Иногда от взоров толпы жизнь скрывает свои избранные жертвы; в тиши, с рачением воскормляет их таинственною пищею мыслей, острит их ощущения; в их скудельную грудь вмещает всю безграничную свою деятельность — и, возвысив до небес дух их, жизнь с насмешкою бросает их в средину толпы; здесь они чужеземцы, — никто не понимает языка их, — нет их привычной пищи, — терзаемые внутренним гладом, заключенные в оковы общественных условий, они измеряют страдание человека всею возвышенностию своих мыслей, всею раздражительностию чувств своих; в своем медленном томлении перечувствуют томление всего человечества, — тщетно рвутся они к своей мнимой отчизне, — они издыхают, разуверившись в вере целого бытия своего, и жизнь, довольная, но не насыщенная их страданиями, с презрением бросает на их могилу бесплодный фимиам позднего благоговения.

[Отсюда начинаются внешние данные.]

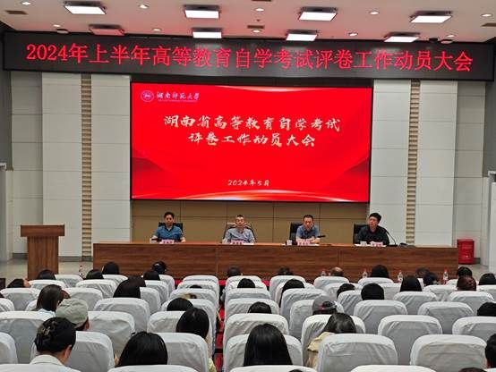 5月7日上午,2024年上半年湖南省高等教育自学考试评卷工作动员在公司至善大讲堂召开。副董事长蒋新苗、省教育考试院副经理康洪文出席会议。会议由beat365手机版官网入口副经理陈宝刚主持。

Были люди, которые рано узнавали коварную жизнь, — и, презирая ее обманчивые призраки, с твердостию духа рано обращались они к единственному верному и неизменному союзнику их против ее ухищрений — ничтожеству. В древности слабоумное человечество называло их малодушными; мы, более опытные, менее способные обманываться, назвали их мудрейшими. Лишь они умели найти надежное средство против врага человечества и природы, против неистовой жизни; лишь они постигли, зачем она дала человеку так много средств чувствовать и так мало способов удовлетворять своим чувствам. Лишь они умели положить конец ее злобной деятельности и разрешить давний спор об алхимическом камне.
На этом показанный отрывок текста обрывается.